**INFORMATION SUPPLIED**
# # # # #

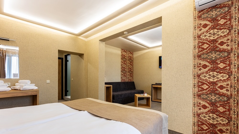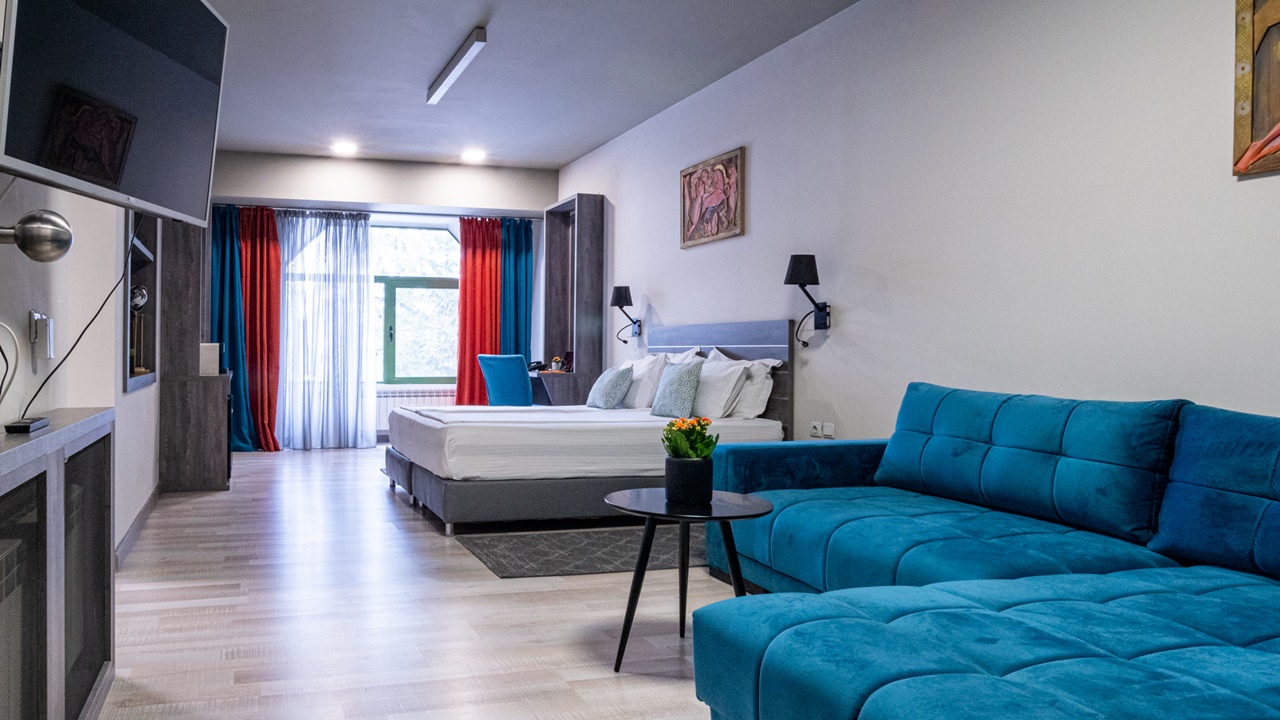 • Студио Делукс - Студио делукс е перлата на изцяло новия пети етаж на хотела. Невероятен комфорт и лукс, панорамни гледки, които спират дъха. Просторни бани . Предлага се изглед към града или зелена борова гора.
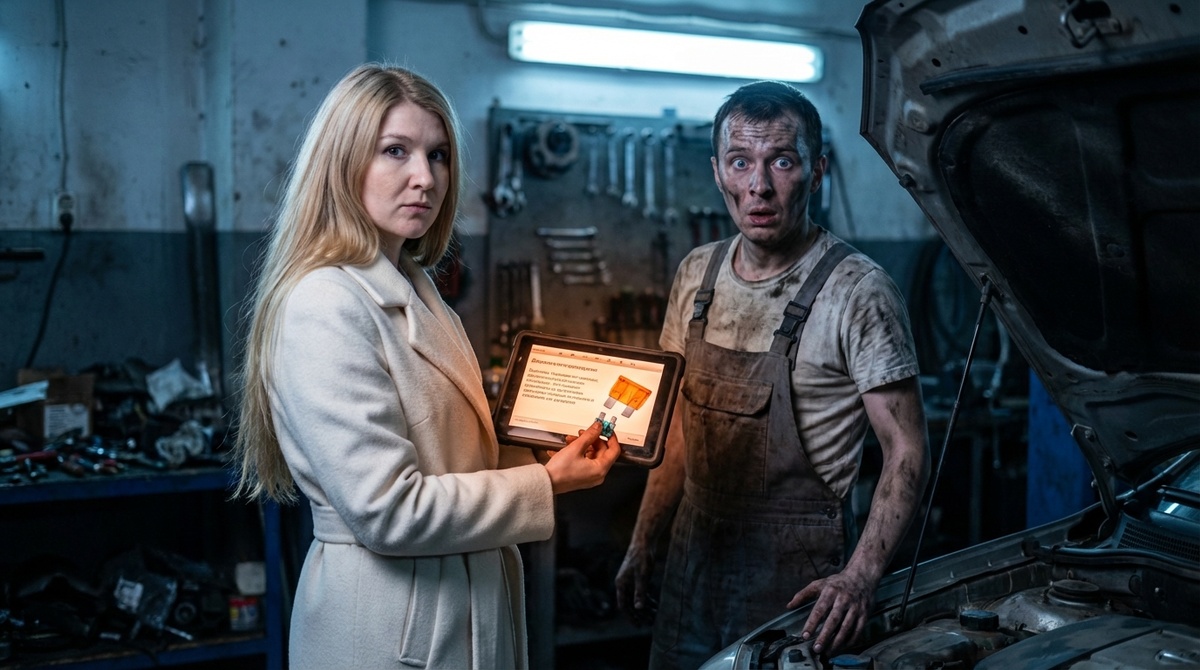Я видела, как изменилось его лицо. Он явно прочитал код ошибки. И этот код был пустяковым. Потому что после этого он не полез ни к датчикам, ни к проводке. Он просто закрыл капот и направился ко мне.
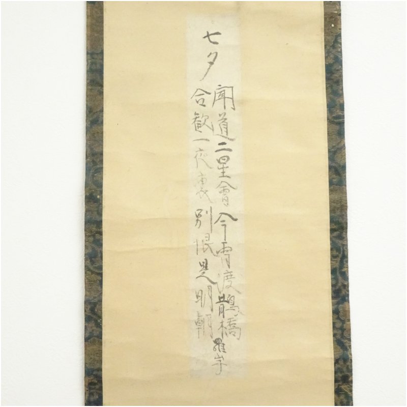 江戸前期 林羅山筆 七夕 肉筆短冊掛軸(保護箱) [14-251113b-025a]
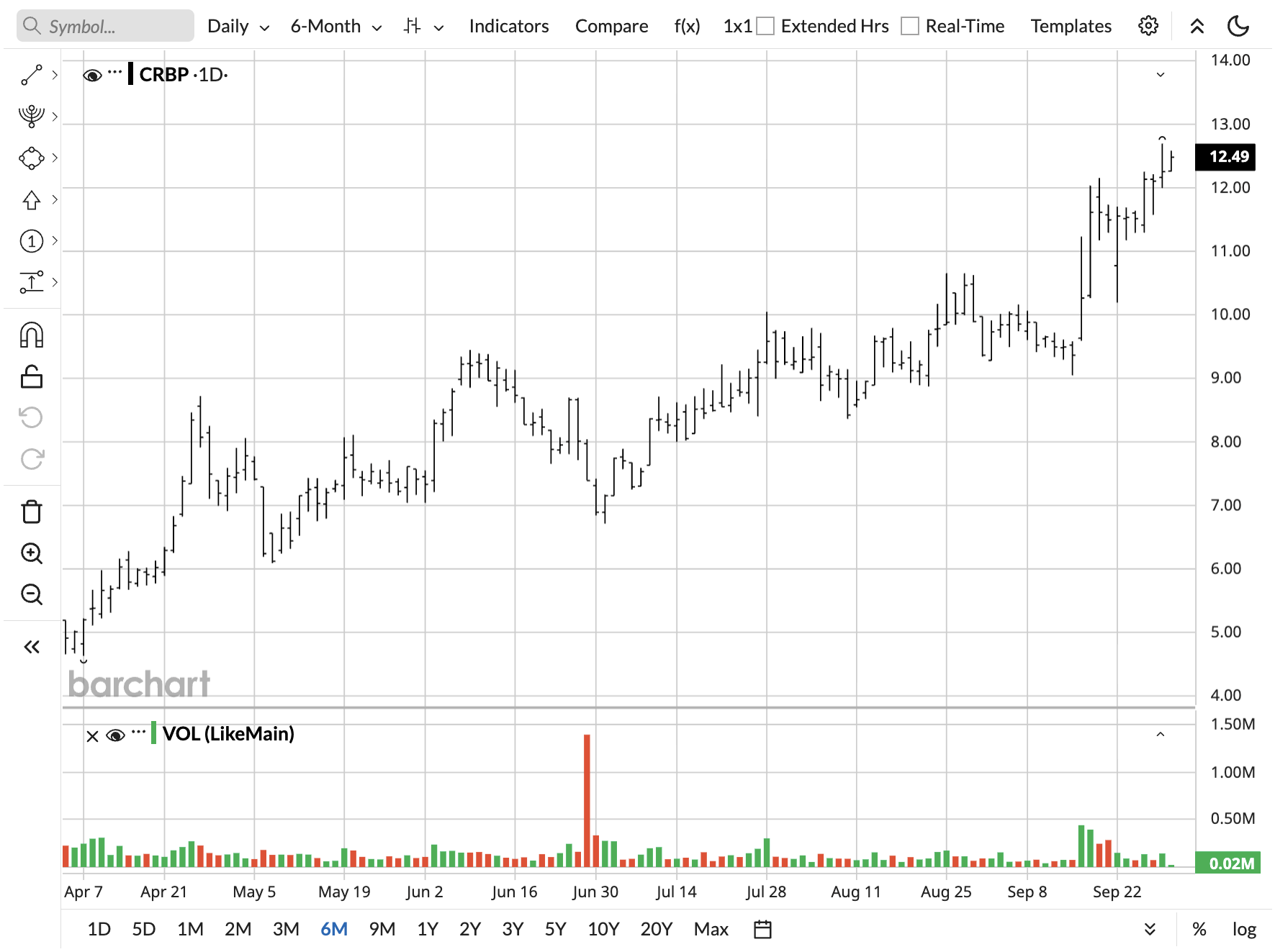 As a result, this indirect connection to cannabis did lead to a small uptick. However, this is a part of a larger rebound, as CRBP stock is up 129% in the past six months.

# # # # #

**WHAT TO PRODUCE**
I would like the material repeated in full and exactly, with its images omitted.

**EXPECTED ANSWER**
 • Студио Делукс - Студио делукс е перлата на изцяло новия пети етаж на хотела. Невероятен комфорт и лукс, панорамни гледки, които спират дъха. Просторни бани . Предлага се изглед към града или зелена борова гора.
Я видела, как изменилось его лицо. Он явно прочитал код ошибки. И этот код был пустяковым. Потому что после этого он не полез ни к датчикам, ни к проводке. Он просто закрыл капот и направился ко мне.
 江戸前期 林羅山筆 七夕 肉筆短冊掛軸(保護箱) [14-251113b-025a]
 As a result, this indirect connection to cannabis did lead to a small uptick. However, this is a part of a larger rebound, as CRBP stock is up 129% in the past six months.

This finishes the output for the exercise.